**Work to be completed**
Copy out each line from the start of the material below until the line with "Complex web of", that line included.

------------------------------

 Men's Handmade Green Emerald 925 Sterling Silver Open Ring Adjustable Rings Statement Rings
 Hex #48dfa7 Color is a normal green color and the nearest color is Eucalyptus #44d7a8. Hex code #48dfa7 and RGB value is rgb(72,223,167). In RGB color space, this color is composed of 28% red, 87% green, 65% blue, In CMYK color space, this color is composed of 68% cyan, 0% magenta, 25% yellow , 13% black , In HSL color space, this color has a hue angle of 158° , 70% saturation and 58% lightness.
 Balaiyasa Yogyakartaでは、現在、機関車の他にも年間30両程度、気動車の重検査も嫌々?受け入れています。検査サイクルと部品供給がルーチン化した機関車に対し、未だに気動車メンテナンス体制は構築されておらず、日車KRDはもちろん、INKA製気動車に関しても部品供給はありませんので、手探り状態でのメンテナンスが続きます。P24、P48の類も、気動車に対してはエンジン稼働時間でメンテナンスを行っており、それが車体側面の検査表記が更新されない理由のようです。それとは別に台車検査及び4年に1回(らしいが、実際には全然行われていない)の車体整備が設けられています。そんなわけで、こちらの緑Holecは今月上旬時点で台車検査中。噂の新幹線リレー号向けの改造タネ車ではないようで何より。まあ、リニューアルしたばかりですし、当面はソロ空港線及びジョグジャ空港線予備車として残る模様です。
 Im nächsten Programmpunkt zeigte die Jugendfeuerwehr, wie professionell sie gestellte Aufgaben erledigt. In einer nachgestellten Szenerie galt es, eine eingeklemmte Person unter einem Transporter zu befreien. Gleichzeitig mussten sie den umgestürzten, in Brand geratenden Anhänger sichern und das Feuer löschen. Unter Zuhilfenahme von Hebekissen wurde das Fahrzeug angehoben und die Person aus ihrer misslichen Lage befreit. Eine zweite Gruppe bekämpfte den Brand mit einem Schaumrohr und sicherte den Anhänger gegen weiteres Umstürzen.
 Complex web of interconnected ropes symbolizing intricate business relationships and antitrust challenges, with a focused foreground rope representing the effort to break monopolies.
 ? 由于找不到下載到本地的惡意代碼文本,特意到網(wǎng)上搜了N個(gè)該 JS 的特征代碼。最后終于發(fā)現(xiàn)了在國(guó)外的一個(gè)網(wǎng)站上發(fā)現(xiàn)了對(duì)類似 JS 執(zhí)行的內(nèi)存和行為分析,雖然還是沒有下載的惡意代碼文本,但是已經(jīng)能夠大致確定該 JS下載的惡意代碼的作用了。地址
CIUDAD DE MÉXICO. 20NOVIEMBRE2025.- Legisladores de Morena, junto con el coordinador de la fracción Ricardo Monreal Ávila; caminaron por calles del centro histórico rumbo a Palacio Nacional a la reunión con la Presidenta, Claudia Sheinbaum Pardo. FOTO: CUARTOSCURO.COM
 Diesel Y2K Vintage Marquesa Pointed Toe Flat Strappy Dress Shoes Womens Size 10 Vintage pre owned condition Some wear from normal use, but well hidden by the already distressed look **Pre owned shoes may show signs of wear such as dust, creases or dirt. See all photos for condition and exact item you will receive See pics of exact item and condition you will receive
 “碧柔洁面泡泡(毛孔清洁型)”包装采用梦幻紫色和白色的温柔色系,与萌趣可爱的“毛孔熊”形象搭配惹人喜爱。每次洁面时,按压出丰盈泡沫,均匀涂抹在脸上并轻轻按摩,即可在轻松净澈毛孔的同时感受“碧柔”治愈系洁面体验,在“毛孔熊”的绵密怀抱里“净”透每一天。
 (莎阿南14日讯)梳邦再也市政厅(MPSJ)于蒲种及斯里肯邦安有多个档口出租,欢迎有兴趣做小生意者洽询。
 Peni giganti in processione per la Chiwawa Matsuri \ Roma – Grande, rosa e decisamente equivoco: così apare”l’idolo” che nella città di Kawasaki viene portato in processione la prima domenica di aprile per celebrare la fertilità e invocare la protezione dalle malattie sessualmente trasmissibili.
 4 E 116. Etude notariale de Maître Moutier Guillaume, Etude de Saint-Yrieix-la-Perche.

------------------------------

**Solution to this exercise**
 Men's Handmade Green Emerald 925 Sterling Silver Open Ring Adjustable Rings Statement Rings
 Hex #48dfa7 Color is a normal green color and the nearest color is Eucalyptus #44d7a8. Hex code #48dfa7 and RGB value is rgb(72,223,167). In RGB color space, this color is composed of 28% red, 87% green, 65% blue, In CMYK color space, this color is composed of 68% cyan, 0% magenta, 25% yellow , 13% black , In HSL color space, this color has a hue angle of 158° , 70% saturation and 58% lightness.
 Balaiyasa Yogyakartaでは、現在、機関車の他にも年間30両程度、気動車の重検査も嫌々?受け入れています。検査サイクルと部品供給がルーチン化した機関車に対し、未だに気動車メンテナンス体制は構築されておらず、日車KRDはもちろん、INKA製気動車に関しても部品供給はありませんので、手探り状態でのメンテナンスが続きます。P24、P48の類も、気動車に対してはエンジン稼働時間でメンテナンスを行っており、それが車体側面の検査表記が更新されない理由のようです。それとは別に台車検査及び4年に1回(らしいが、実際には全然行われていない)の車体整備が設けられています。そんなわけで、こちらの緑Holecは今月上旬時点で台車検査中。噂の新幹線リレー号向けの改造タネ車ではないようで何より。まあ、リニューアルしたばかりですし、当面はソロ空港線及びジョグジャ空港線予備車として残る模様です。
 Im nächsten Programmpunkt zeigte die Jugendfeuerwehr, wie professionell sie gestellte Aufgaben erledigt. In einer nachgestellten Szenerie galt es, eine eingeklemmte Person unter einem Transporter zu befreien. Gleichzeitig mussten sie den umgestürzten, in Brand geratenden Anhänger sichern und das Feuer löschen. Unter Zuhilfenahme von Hebekissen wurde das Fahrzeug angehoben und die Person aus ihrer misslichen Lage befreit. Eine zweite Gruppe bekämpfte den Brand mit einem Schaumrohr und sicherte den Anhänger gegen weiteres Umstürzen.
 Complex web of interconnected ropes symbolizing intricate business relationships and antitrust challenges, with a focused foreground rope representing the effort to break monopolies.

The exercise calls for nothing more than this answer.